American organic chemist

Dorothy Anna Hahn (1876–1950) was a lifelong educator and American professor of organic chemistry at Mount Holyoke College. She was most known for her research which utilized the then newly developed technique of ultraviolet spectroscopy to study hydantoins.

== Biography ==
Dorothy Hahn was born on April 9, 1876, in Philadelphia, Pennsylvania, as the second of two daughters born to Mary Beaver and Carl S. Hahn, a German immigrant. She received extensive academic training in chemistry and was an instructor at numerous women's colleges across the United States. In 1908 she established her independent research group at Mount Holyoke College, publishing numerous scientific journal articles and books. In addition, Hahn worked in the private sector as an industrial chemist focusing on coal tar research. In 1941 she retired. Outside of her professional life, Dorothy enjoyed traveling and spent her summers at Noank on the Connecticut coast, where she became a keen sailor. She died in 1950 at the age of 74.

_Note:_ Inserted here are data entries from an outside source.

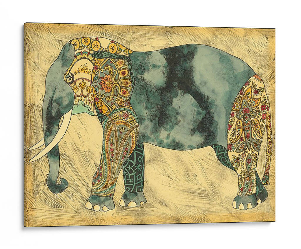 Sumérgete en la majestuosidad y el detalle de 'Elefante Real', una obra de arte contemporáneo que captura la esencia de estos magníficos animales con un toque de fantasía y tradición. La pieza presenta un elefante estilizado, cuya piel se transforma en un lienzo para intrincados patrones paisley y geométricos en tonos vibrantes de azul, ocre, rojo y amarillo. El fondo texturizado, con pinceladas que evocan la calidez de un atardecer o la riqueza de la tierra, complementa la figura central, creando una atmósfera serena pero llena de carácter. La composición, centrada en la imponente figura del elefante, invita a la contemplación y a la admiración de su fuerza y elegancia. Este cuadro decorativo es perfecto para añadir un punto de interés exótico y sofisticado a cualquier espacio, ya sea una sala de estar moderna, un estudio personal o incluso un rincón de meditación. Su estilo único, que fusiona elementos culturales con una sensibilidad moderna, lo convierte en una pieza decorativa excepcional para quienes buscan arte que cuente una historia y transmita una sensación de paz y poder. Ideal para quienes aprecian el arte figurativo con un giro artístico y buscan infundir a su hogar una dosis de espiritualidad y buen gusto.
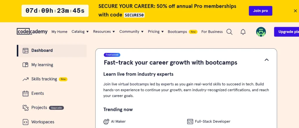 Codecademy is offering a massive 50% discount on its Pro annual plan with the promo code SECURE50 – ending on October 21st, 2025.
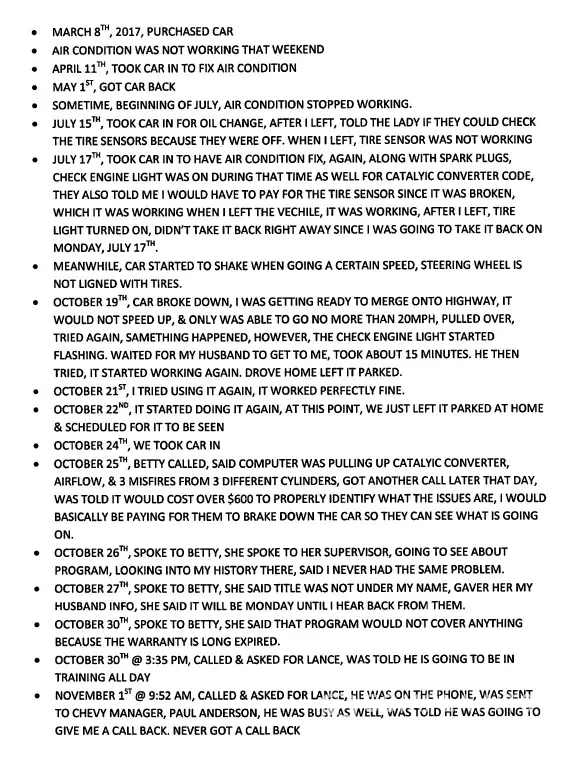 I have had so much trouble with my vehicle. Autonation in Ennis was recently bought by a different dealership. From what I have heard, (could be rumors), the used cars that they had were replaced because they were all bad cars. I can only imagine since I purchased a used car from there with so many problems. I'm attaching a rough draft of an outline that I have been through, I started doing this in October, so anything before that is kind of an ideal dates but close to those dates. I stopped doing it on Dec 26th. So anything after that is ideal dates as well. I only have call records & an invoice from the 2nd to last time I took it in.
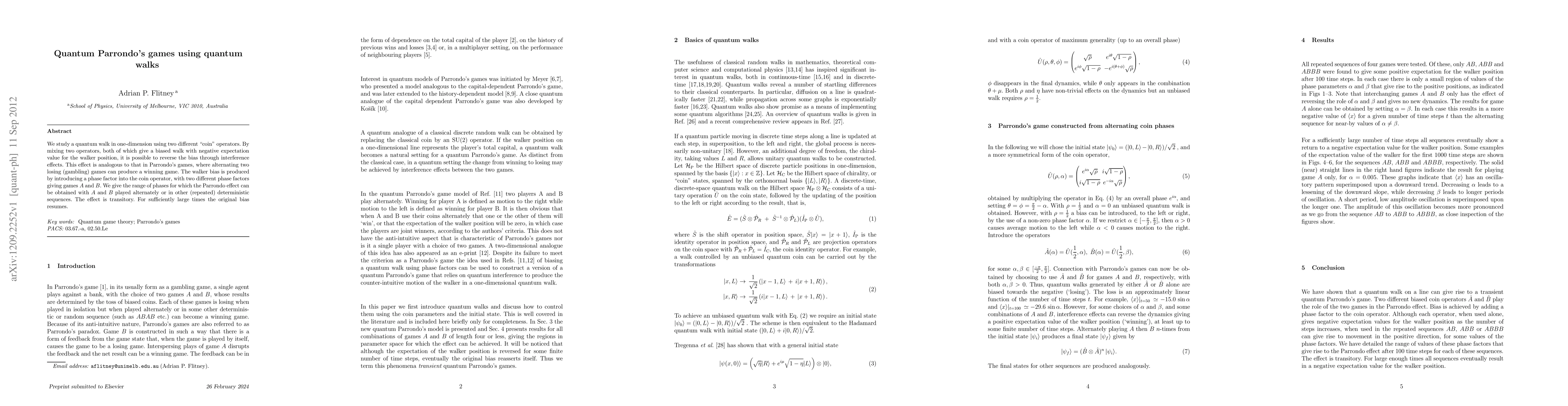 This paper explores quantum Parrondo's games using quantum walks, demonstrating how interference from two biased coin operators can reverse the walker's bias temporarily, akin to classical Parrondo's paradox. The study identifies the phase conditions under which this quantum effect occurs and its transient nature over time.

==Education and employment==

In 1894, Hahn graduated from Miss Florence Baldwin's School for Girls, Preparatory for Bryn Mawr College, now known as Baldwin School. She went on to attend Bryn Mawr College, earning a bachelor's degree in both chemistry and biology in 1899. Upon completion, she became a professor and taught chemistry at the Pennsylvania College for Women, now known as Chatham University in Pittsburgh, Pennsylvania, and remained there until 1906. Concurrently, Hahn taught biology at the Pittsburgh and Allegheny Kindergarten College from 1904 to 1906. Driven by a desire to further her research interests, she undertook studies in organic chemistry at the University of Leipzig from 1906 to 1907. She then returned to the United States to continue her research at her alma mater, Bryn Mawr College, with a postdoctoral fellowship, from 1907 to 1908. In 1908, Hahn became a member of the faculty at Mount Holyoke College where she spent the remainder of her career. After publishing her first paper in 1913, she was promoted to associate professor. From 1915 to 1916 Dorothy conducted research into the relationship between electrons and chemical valence in collaboration with Treat Baldwin Johnson at Yale University as an American Association of University Women fellow and earned her Ph.D. in 1916. She continued her work on cyclic polypeptide hydantoins in her independent career and was promoted to full professor in 1918. Dorothy retired in 1941 after mentoring and preparing numerous women for graduate studies.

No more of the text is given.